Work instruction :: From the records that follow, return exactly the lines beginning at the one that contains "4、现在玩家即可进入城市开始驾驶巴士,根据右边的地图蓝色的路线进行驾驶即可。" and ending at the one that contains "Le lido offre", pictures left out.

Records from a data source ::
:::::
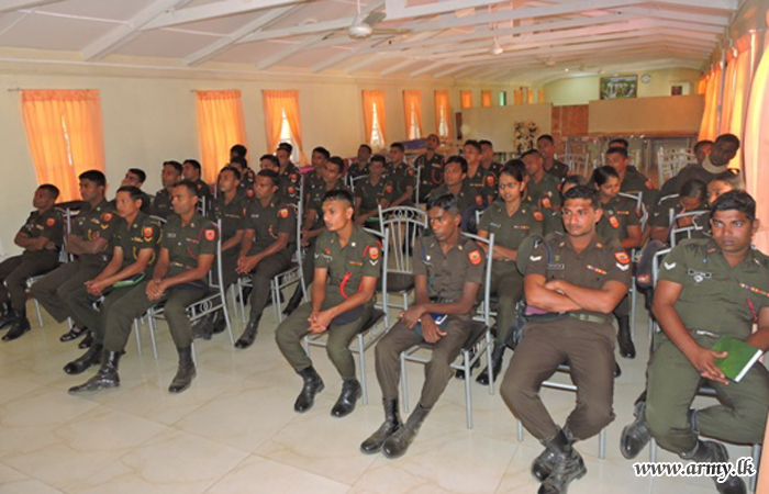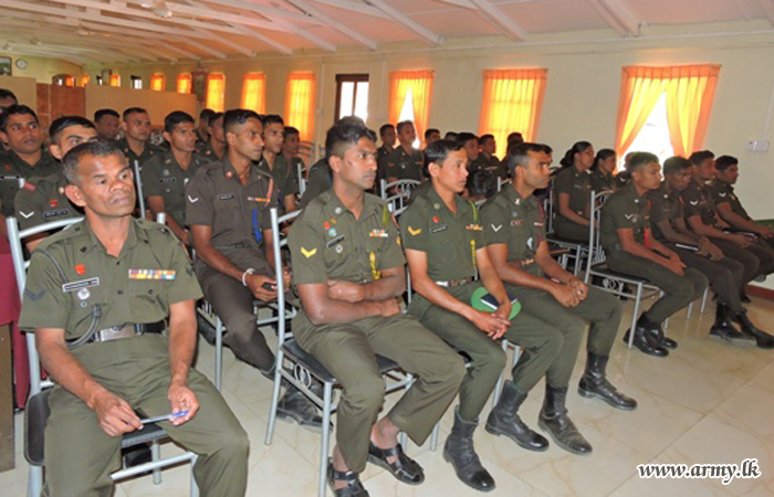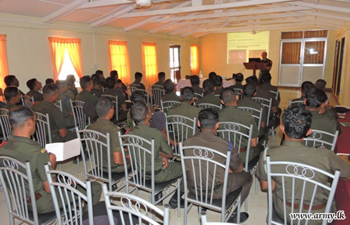 Troops serving the SFHQ- C listened to the lecture at the main conference hall. The lecture was delivered by Warrant Officer 1 D.M.A.P Jayawardana of 2 (V) Sri Lanka Army Medical Corps (SLAMC) who is also serving as a Public Health Inspector (PHI) at Diyatalawa Army Hospital.
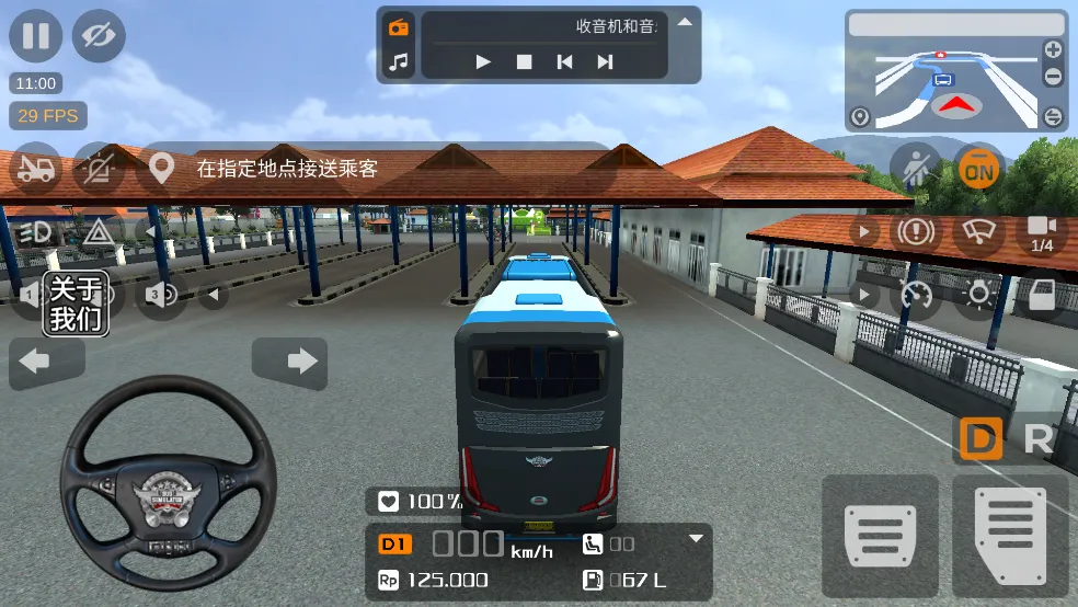 4、现在玩家即可进入城市开始驾驶巴士,根据右边的地图蓝色的路线进行驾驶即可。
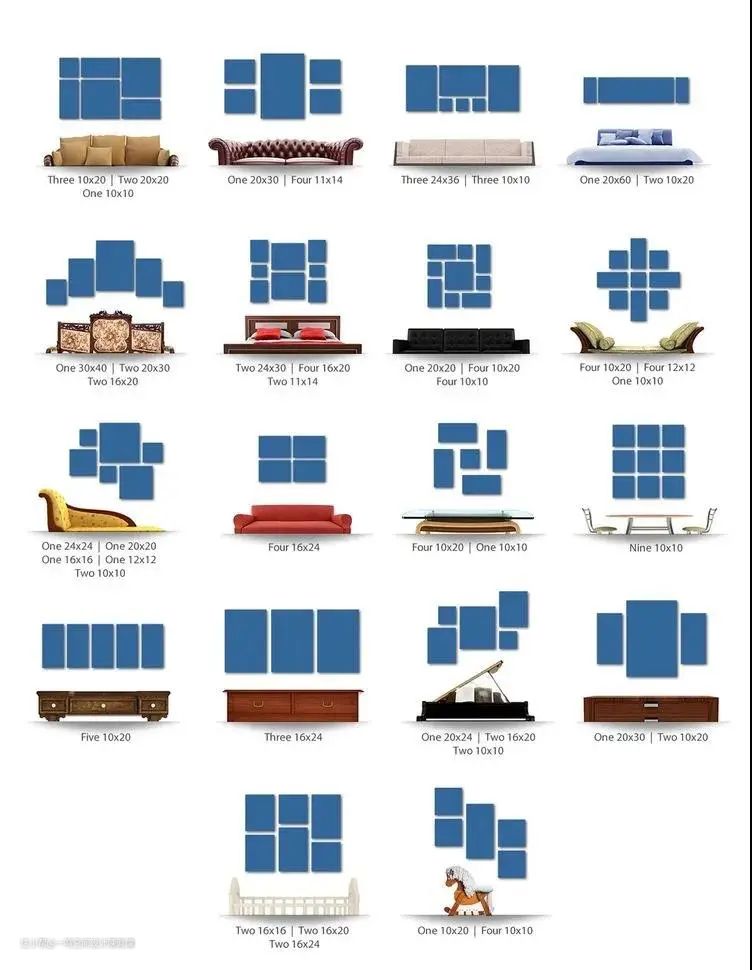 以直线为路径的矩阵排列法,一般是由两张及以上的挂画组成的组合。可以有几个尺寸进行组合,挂法一般都是有规律的。
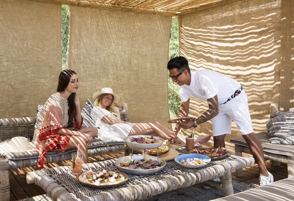 Le lido offre le meilleur en matière de restauration avec un restaurant gastronomique de poissons et de pizzas, un bar à cocktails et un espace Club Lounge. Des cabanes privées, des belvédères pour une intimité maximale et des chaises longues surdimensionnées sont disponibles.
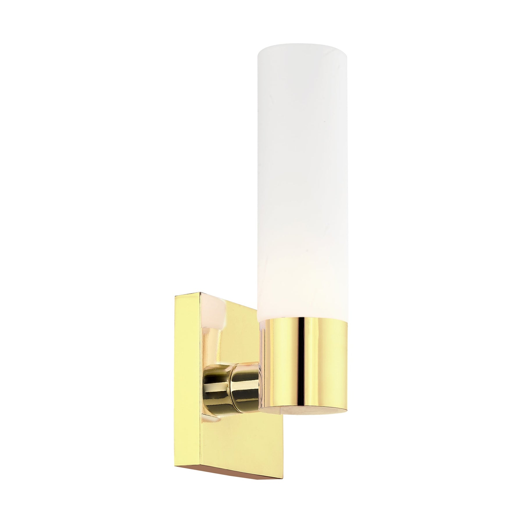 The Aero ADA Wall Sconce in Polished Brass offers a sleek and contemporary lighting choice for any space. It features a unique hand-blown satin opal white twist lock glass that beautifully diffuses light from a single candelabra base bulb (not included), with a maximum wattage of 60W. Measuring 4.5 inches in width and 11.25 inches in height, the sconce extends 4 inches from the wall, making it ideal for various settings. Additionally, it is suitable for damp locations, providing versatility for bathrooms and other humid environments.
:::::
Exercise response ::
 4、现在玩家即可进入城市开始驾驶巴士,根据右边的地图蓝色的路线进行驾驶即可。
 以直线为路径的矩阵排列法,一般是由两张及以上的挂画组成的组合。可以有几个尺寸进行组合,挂法一般都是有规律的。
 Le lido offre le meilleur en matière de restauration avec un restaurant gastronomique de poissons et de pizzas, un bar à cocktails et un espace Club Lounge. Des cabanes privées, des belvédères pour une intimité maximale et des chaises longues surdimensionnées sont disponibles.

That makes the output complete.